§ **Exercise requirements**:
Provide again, from the entries below, every line from the one containing "南昌市江南诚医疗器械有限公司报告,由于有" through the one containing "Almofada Decorativa CL", exactly as written, and no other line.

§ **Data**:
------------------------------

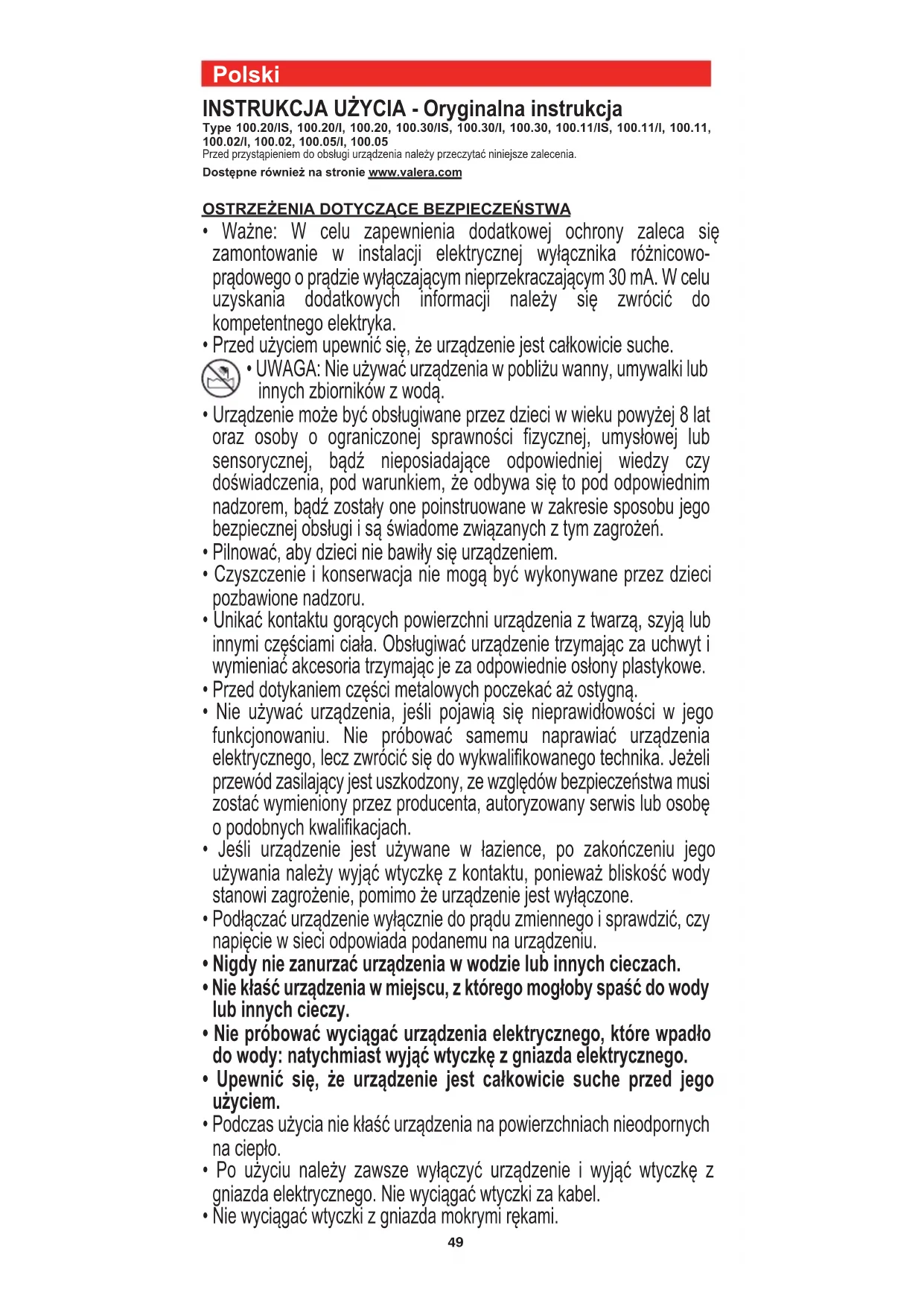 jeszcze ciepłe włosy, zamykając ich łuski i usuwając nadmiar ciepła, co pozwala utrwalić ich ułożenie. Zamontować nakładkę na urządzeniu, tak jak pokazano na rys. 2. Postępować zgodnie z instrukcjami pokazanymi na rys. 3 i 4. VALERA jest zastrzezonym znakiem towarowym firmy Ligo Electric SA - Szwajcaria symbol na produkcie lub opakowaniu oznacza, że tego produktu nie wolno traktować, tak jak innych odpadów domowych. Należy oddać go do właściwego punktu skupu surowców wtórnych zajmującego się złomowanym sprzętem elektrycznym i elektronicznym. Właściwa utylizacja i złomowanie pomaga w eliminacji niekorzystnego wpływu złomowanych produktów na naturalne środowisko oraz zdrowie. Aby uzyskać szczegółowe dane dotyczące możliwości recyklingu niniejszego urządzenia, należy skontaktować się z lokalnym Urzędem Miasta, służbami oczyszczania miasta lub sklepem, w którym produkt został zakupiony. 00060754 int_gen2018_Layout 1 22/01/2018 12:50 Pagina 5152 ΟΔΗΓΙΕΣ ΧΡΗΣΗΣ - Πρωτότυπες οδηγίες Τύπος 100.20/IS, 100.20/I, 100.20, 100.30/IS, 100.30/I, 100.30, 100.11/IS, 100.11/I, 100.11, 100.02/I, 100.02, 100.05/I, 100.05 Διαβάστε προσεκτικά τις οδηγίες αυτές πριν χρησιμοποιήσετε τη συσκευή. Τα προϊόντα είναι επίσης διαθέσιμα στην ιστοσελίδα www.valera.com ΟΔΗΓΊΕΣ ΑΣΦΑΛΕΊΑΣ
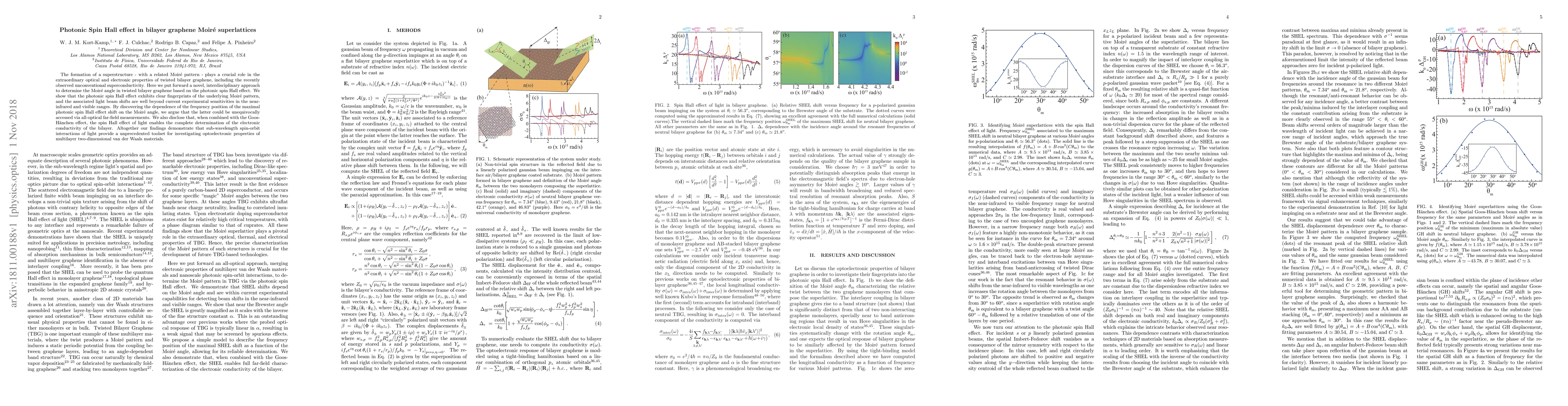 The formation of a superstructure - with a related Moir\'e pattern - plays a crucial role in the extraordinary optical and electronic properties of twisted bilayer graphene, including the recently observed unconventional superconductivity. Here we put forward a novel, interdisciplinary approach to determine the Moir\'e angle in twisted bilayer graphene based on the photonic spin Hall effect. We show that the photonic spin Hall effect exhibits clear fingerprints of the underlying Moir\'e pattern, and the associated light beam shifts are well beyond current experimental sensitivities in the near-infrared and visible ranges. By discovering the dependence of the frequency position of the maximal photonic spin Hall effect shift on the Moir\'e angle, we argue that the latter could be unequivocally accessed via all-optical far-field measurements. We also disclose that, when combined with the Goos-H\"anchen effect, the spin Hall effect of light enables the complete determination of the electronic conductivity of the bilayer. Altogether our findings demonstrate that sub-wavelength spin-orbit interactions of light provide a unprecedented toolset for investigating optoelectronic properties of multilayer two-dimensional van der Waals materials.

------------------------------

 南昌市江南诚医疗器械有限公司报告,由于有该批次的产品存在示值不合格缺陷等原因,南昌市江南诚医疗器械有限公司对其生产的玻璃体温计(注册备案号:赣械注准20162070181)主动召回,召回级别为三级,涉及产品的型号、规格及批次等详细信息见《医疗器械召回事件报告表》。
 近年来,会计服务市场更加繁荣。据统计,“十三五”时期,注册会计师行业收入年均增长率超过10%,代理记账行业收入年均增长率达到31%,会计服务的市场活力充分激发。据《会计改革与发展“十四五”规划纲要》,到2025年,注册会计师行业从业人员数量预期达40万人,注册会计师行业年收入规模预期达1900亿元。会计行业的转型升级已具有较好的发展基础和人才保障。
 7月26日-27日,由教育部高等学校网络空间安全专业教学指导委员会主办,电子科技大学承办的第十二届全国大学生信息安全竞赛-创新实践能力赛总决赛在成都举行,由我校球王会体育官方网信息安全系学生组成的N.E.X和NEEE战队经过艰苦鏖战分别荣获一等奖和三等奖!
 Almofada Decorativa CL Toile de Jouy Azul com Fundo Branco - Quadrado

------------------------------

§ **Output of the task**:
 南昌市江南诚医疗器械有限公司报告,由于有该批次的产品存在示值不合格缺陷等原因,南昌市江南诚医疗器械有限公司对其生产的玻璃体温计(注册备案号:赣械注准20162070181)主动召回,召回级别为三级,涉及产品的型号、规格及批次等详细信息见《医疗器械召回事件报告表》。
 近年来,会计服务市场更加繁荣。据统计,“十三五”时期,注册会计师行业收入年均增长率超过10%,代理记账行业收入年均增长率达到31%,会计服务的市场活力充分激发。据《会计改革与发展“十四五”规划纲要》,到2025年,注册会计师行业从业人员数量预期达40万人,注册会计师行业年收入规模预期达1900亿元。会计行业的转型升级已具有较好的发展基础和人才保障。
 7月26日-27日,由教育部高等学校网络空间安全专业教学指导委员会主办,电子科技大学承办的第十二届全国大学生信息安全竞赛-创新实践能力赛总决赛在成都举行,由我校球王会体育官方网信息安全系学生组成的N.E.X和NEEE战队经过艰苦鏖战分别荣获一等奖和三等奖!
 Almofada Decorativa CL Toile de Jouy Azul com Fundo Branco - Quadrado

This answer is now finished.